Department of Anaesthesia, Adelaide and Meath Hospital, National Children's Hospital Incorporated, Tallaght, Dublin, Ireland.

Department of Anaesthesia, Hospital for Sick Kids, Toronto, Canada.

出版信息

Indian J Anaesth. 2018 Jan;62(1):53-60. doi: 10.4103/ija.IJA_448_17.

Abstract

BACKGROUND AND AIMS

Routine use of pre-procedural ultrasound guided midline approach has not shown to improve success rate in administering subarachnoid block. The study hypothesis was that the routine use of pre-procedural (not real time) ultrasound-guided paramedian spinals at L5-S1 interspace could reduce the number of passes (i.e., withdrawal and redirection of spinal needle without exiting the skin) required to enter the subarachnoid space when compared to the conventional landmark-guided midline approach.

METHODS

After local ethics approval, 120 consenting patients scheduled for elective total joint replacements (Hip and Knee) were randomised into either Group C where conventional midline approach with palpated landmarks was used or Group P where pre-procedural ultrasound was used to perform subarachnoid block by paramedian approach at L5-S1 interspace (real time ultrasound guidance was not used).

RESULTS

There was no difference in primary outcome (difference in number of passes) between the two groups.
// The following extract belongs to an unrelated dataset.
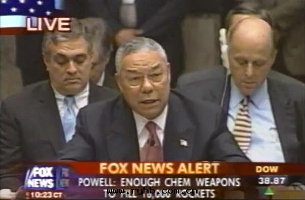 鮑威爾在(zài)聯合國(guó)聲稱伊拉克(kè)擁有(yǒu)大(dà)规模殺傷性(xìng)武器
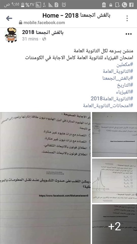 نجحت صفحة "بالغش اتجمعنا" في نشر امتحانى الفيزياء للشعبة العلمية، والتاريخ للشعبة الأدبية منذ قليل.

Similarly there was no difference in the number of attempts (i.e., the number of times the spinal needle was withdrawn from the skin and reinserted). The first pass success rates (1 attempt and 1 pass) was significantly greater in Group C compared to Group P [43% vs. 22%, = 0.02].

CONCLUSION

Routine use of paramedian spinal anaesthesia at L5-S1 interspace, guided by pre-procedure ultrasound, in patients undergoing lower limb joint arthroplasties did not reduce the number of passes or attempts needed to achieve successful dural puncture.

摘要

背景与目的

术前常规使用超声引导中线入路并未显示能提高蛛网膜下腔阻滞的成功率。本研究的假设是,与传统的体表标志引导中线入路相比,术前(非实时)超声引导L5 - S1间隙旁正中脊髓穿刺可减少进入蛛网膜下腔所需的穿刺次数(即脊髓穿刺针在不穿出皮肤的情况下回撤和重新定向的次数)。

方法

经当地伦理委员会批准后,将120例计划接受择期全关节置换术(髋关节和膝关节)且签署知情同意书的患者随机分为C组(采用传统的体表标志触诊中线入路)和P组(术前使用超声引导在L5 - S1间隙采用旁正中入路进行蛛网膜下腔阻滞,不使用实时超声引导)。

结果

两组的主要结局(穿刺次数差异)无差异。同样,尝试次数(即脊髓穿刺针从皮肤拔出并重新插入的次数)也无差异。C组的首次穿刺成功率(1次尝试和1次穿刺)显著高于P组[43%对22%,P = 0.02]。

结论

对于接受下肢关节置换术的患者,术前超声引导下在L5 - S1间隙常规使用旁正中脊髓麻醉并不能减少成功硬膜穿刺所需的穿刺次数或尝试次数。